4 minute read

 Climate Change >Gender Justice

Roshni  January - March 2021

By Smt. Kalyani Raj, MIC-Environment & Climate Change

Advertisement

When we talk about climate change harming our planet, we do not really state the underlying truth of it. The real casualties of climate change will be us - the human race and all the other species that we share this world with.

Climate change is not new – ice ages, floods and other catastrophes have been reshaping our planet for millennia now…but over great periods of time, it’s the human age that has unnaturally expedited this process.

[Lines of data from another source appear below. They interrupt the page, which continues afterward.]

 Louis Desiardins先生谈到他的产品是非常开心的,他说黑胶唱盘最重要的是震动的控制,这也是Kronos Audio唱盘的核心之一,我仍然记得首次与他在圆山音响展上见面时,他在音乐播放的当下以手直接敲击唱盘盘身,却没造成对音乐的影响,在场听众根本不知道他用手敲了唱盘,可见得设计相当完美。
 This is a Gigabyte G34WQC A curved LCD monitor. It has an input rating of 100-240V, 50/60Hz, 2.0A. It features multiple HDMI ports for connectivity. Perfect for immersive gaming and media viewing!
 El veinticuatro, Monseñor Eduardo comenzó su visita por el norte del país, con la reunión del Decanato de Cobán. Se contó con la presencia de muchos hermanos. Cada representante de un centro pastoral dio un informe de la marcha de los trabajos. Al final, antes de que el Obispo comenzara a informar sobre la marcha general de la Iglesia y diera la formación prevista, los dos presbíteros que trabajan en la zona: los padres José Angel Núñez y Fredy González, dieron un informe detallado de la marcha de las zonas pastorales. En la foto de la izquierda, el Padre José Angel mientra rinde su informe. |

The eventual outcome of this unabated climate change therefore, isn’t the destruction of the planet, it is the extinction of life from it! After all, the earth has survived for billions of years and will survive for billions more – we may not. That’s why we call today’s climate change anthropogenic, or man-made. Which gives rise to the question of who is responsible for it and who suffers the most from it?

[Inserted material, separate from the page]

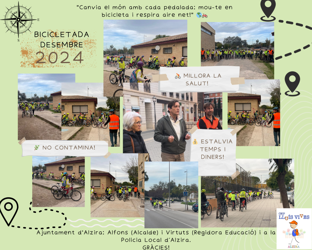 Dijous 19 de desembre es va realitzar una ruta cicloturista al voltant de l’Anell Verd d’Alzira i també per dins de la població fins l’Ajuntament d’Alzira amb l’alumnat de 6é.

While we have acknowledged that everyone has contributed to the crisis at different levels, we are also coming to the slow realisation that in the end, we’re all in the same boat, and we need to work together to avert global disaster.

That said, it has also been well documented that women are the lesser contributors to climate change, but are the greater victims of it - another imbalance that needs to be corrected for our climate efforts to meet with success. Because in reality, climate change is a matter of justice.

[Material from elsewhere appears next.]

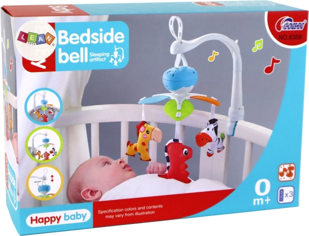 A mi gyönyörű kiságy feletti körhintánk nemcsak szórakozást, hanem érzékszervi stimulációt is nyújt gyermekének. Segítségével szabályozható a körhinta magassága. A körhintán három plüss barát lóg - zebra, zsiráf és piros dinoszaurusz, akik elindítás után forognak, ami leköti és egyben megnyugtatja a gyermeket.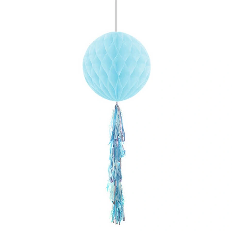 Püsküllü mavi petek kağıt süs ile birlikte doğum günü, nişan, düğün, açılışlar ve diğer tüm organizasyonlarda dekorasyon hazırlığı yapabilirsiniz.

Women, as we know particularly in the south Asian countries, face intersecting discrimination and inequality due to patriarchy and socially structured gender roles. In India gender disparity manifests itself in multiple ways – by Race, by culture, in politics, social or economic situations and few more. If we look at some of the gender linked statistics, particularly the parameters of secondary education, maternal health, economic participation, political or even labour force participation, India probably scores much below even neighbouring countries. Crises like climate change or COVID, worsen the situation and widen the gap of existing inequality.

Yet even as we push our governments for climate justice, women around the world are still fighting to endure everything from storms to starvation. While we are advocating gender equality, we are hearing horrific stories of domestic abuse and violence. How can we achieve any equitable society when half the world’s population is struggling to overcome gendered obstacles, just to reach equal footing with her fellow ‘man’?

Reasons for this inequality are multiple - insecure land and tenure rights, obstructed access to natural resource assets, limited access to basic education, lack of access to markets, capital, training, technologies and few more. We cannot forget the

13

Roshni  January - March 2021

additional burdens due to their responsibilities both inside and outside the home. These very factors result in limited participation of women in decision making. In fact, when we compare the demands of the women’s organizations during Beijing Conference in 1995 and the key demands of WGC before the Paris Agreement in 2015, they are almost a repeat. It does, therefore, indicate that despite the women’s organizations, gender experts and individuals strongly voicing their opinion about barriers impeding gender inequality for more than two decades, there has hardly been any progress in reduction of the gender gap.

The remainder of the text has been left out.